Il ministro del Tesoro canadese Steven Guilbeault, responsabile della legislazione che limiterà il monopolio del gigante tecnologico, ha detto che Ottawa non si tirerà indietro se Facebook adotterà una posizione dura come ha fatto con l'Australia.

"Il Canada è in prima linea in questa battaglia. Siamo davvero nel primo gruppo di Paesial mondo che lo stanno facendo", ha detto ai giornalisti Guilbeault.

Facebook logo - Sputnik Italia, 1920, 19.02.2021
Facebook sapeva di fornire a inserzionisti cifre su portata gonfiate e fuorvianti - Financial Times
Il funzionario ha quindi sottolineato che più paesi adotteranno regole simili per quanto riguarda le notizie che appaiono su Facebook, sottolineando che l'approccio dell'azienda a un certo punto diventerebbe "totalmente insostenibile".

Guilbeault ha poi dichiarato di aver tenuto negoziati con le sue controparti in Australia, Finlandia, Francia e Germania e ha osservato che fino a 15 paesi in futuro potrebbero partecipare alla battaglia contro Facebook.

Il ministro non ha rivelato quali misure il Canada intende adottare, ma si pensa che potrebbe seguire le orme dell'Australia o richiedere ai giganti della tecnologia di aprire negoziati con gli editori di notizie su dei compensi finanziari.

La situazione di Facebook in Australia

La notizia arriva quando Facebook è impegnato in una situazione di stallo con l'Australia sulla nuova legislazione di Canberra. La legge sulla contrattazione dei media è stata introdotta per prevenire uno squilibrio tra i giganti della tecnologia come Facebook e i media del paese.

A man is silhouetted against a video screen with a Facebook logo - Sputnik Italia, 1920, 18.02.2021
Canberra, Facebook ha agito con "mano pesante" nel bloccare accesso alle notizie in Australia
Nel 2018, un'inchiesta lanciata dalla Australian Competition and Consumer Commission (ACCC) ha rivelato che i giganti della tecnologia avevano guadagnato immensamente dai media.

Di ogni 100 dollari australiani spesi in pubblicità digitale nei media locali, 81 dollari australiani sono andati a Facebook o Google.

La nuova legge richiede che i giganti della tecnologia paghino per i contenuti delle notizie, sebbene non ne sottolinei l'importo.
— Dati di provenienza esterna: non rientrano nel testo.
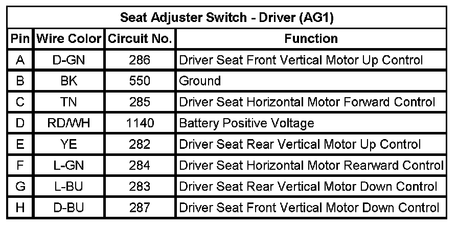 Seat Adjuster Switch - Driver (AG1)
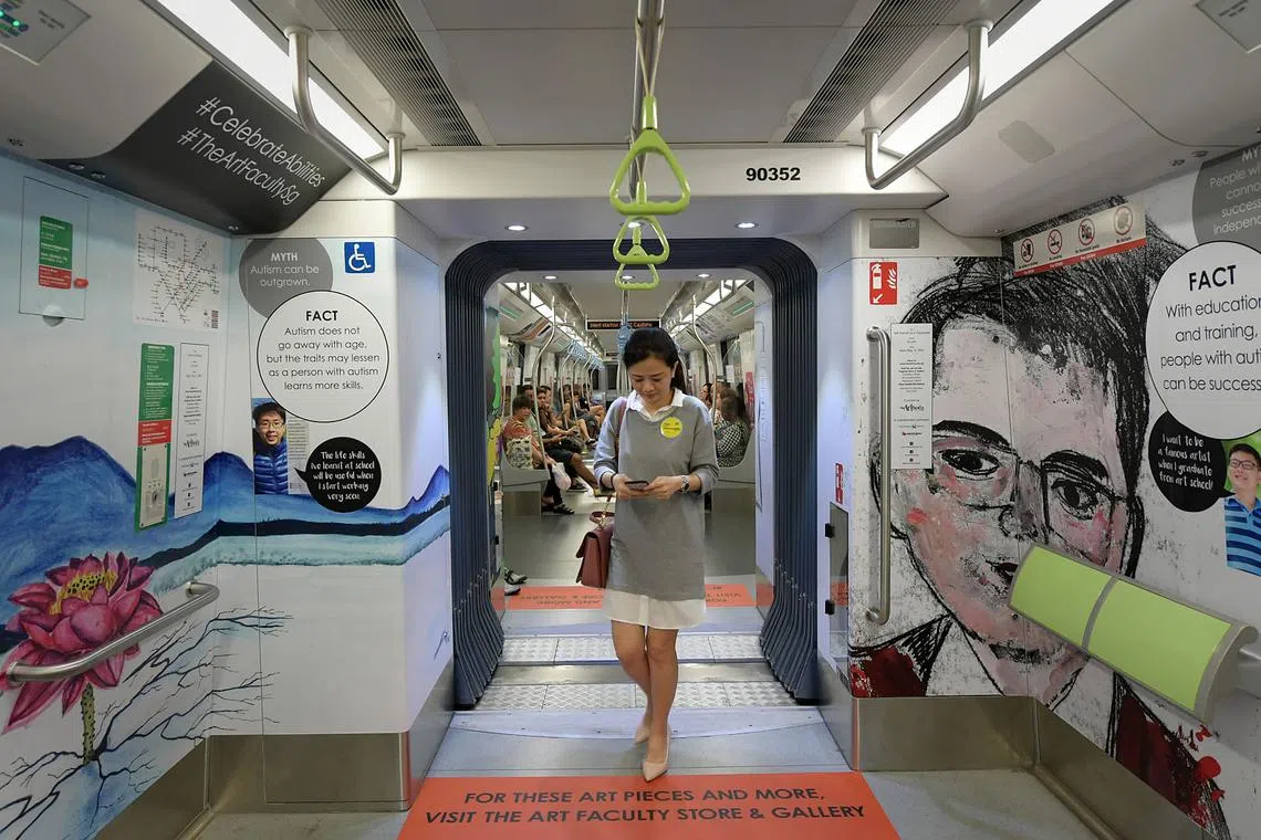 SEBUAH gerabak kereta api istimewa telah dihias dengan karya seni pelajar autisme dalam usaha meningkatkan Kesedaran Autisme Sedunia Singapura.
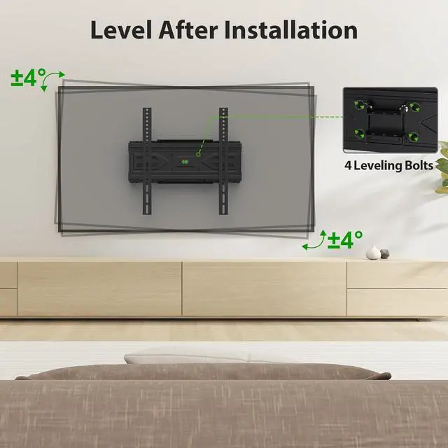 Universal TV Mount: The TV wall mount fits for most 32-70 inch TVs up to 99 lbs with VESA of 75x75mm - 400x400mm. The TV mount can be mounted to 12/16 Inch wood studs concrete or brick walls. Please verify the size weight and VESA pattern of your TV before purchaseUpgrade
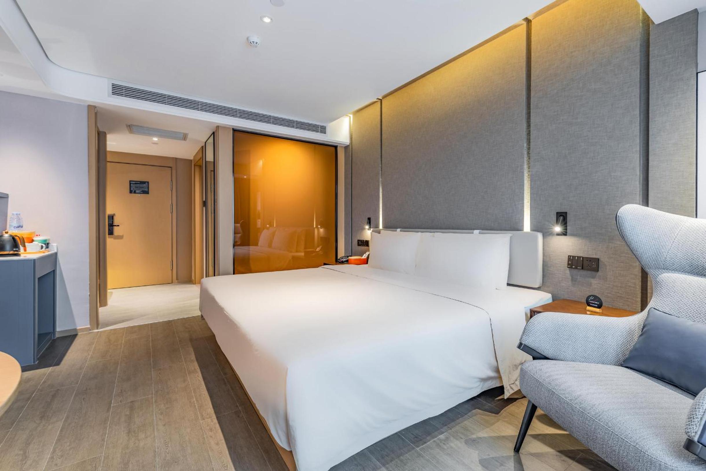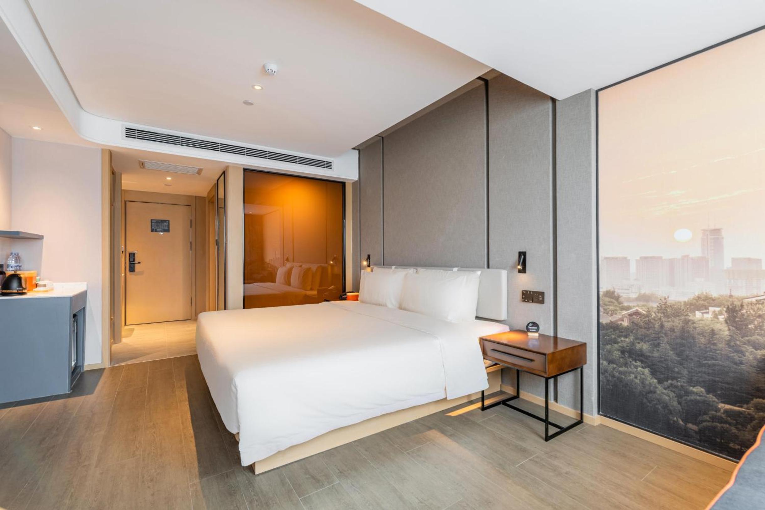 The staff were very keen to help and were very outstanding. Even though we didn't know a word of Chinese, they were able to communicate with us through translator apps. It is a very convenient location for good local food and friendly locals. The surrounding street comes alive with food in the evenings! The buffet in the restaurant has a lot of variety. We looked forward to it every morning. The bed was super comfortable! (There is a robot roaming the hallways and can use the elevator by itself!)
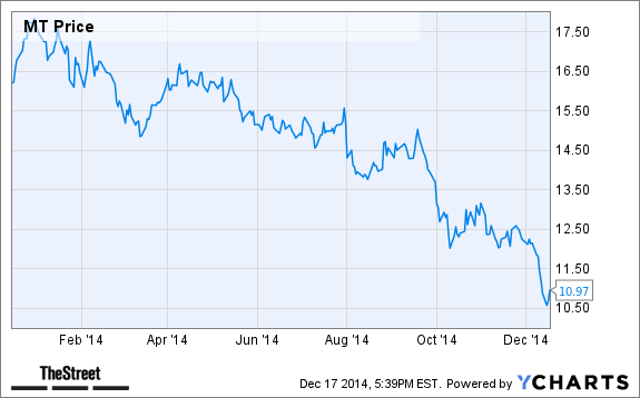 For Mohr's third pick: steel titan ArcelorMittal (MT) , which is down nearly 39% in 2014. The company is the world's largest steel producer, with almost 10% of the global market share.

Le autorità sostengono che non solo la legislazione garantirà un equo compenso, ma aiuterà l'industria dell'informazione della nazione, che è attualmente in difficoltà.

Facebook ha risposto vietando a editori e utenti di pubblicare, visualizzare o condividere contenuti di notizie. L'azienda ha detto che la legge "fraintende" il suo rapporto con gli editori. Gli account di politici, enti di beneficenza e agenzie governative, compresi quelli relativi alla salute e all'emergenza, erano troppo bloccati, anche se in seguito Facebook ha affermato che si trattava di un errore.

Il social network ha sottolineato che le notizie costituiscono meno del 4% dei contenuti che gli utenti vedono nel loro feed di notizie e ha affermato che hanno aiutato gli editori australiani a generare qualcosa come 318 milioni di dollari l'anno scorso.

La reazione del gigante dei social media è stata duramente criticata dalle autorità australiane, che hanno affermato che la mossa dimostra "l'immenso potere di mercato di questi giganti sociali digitali".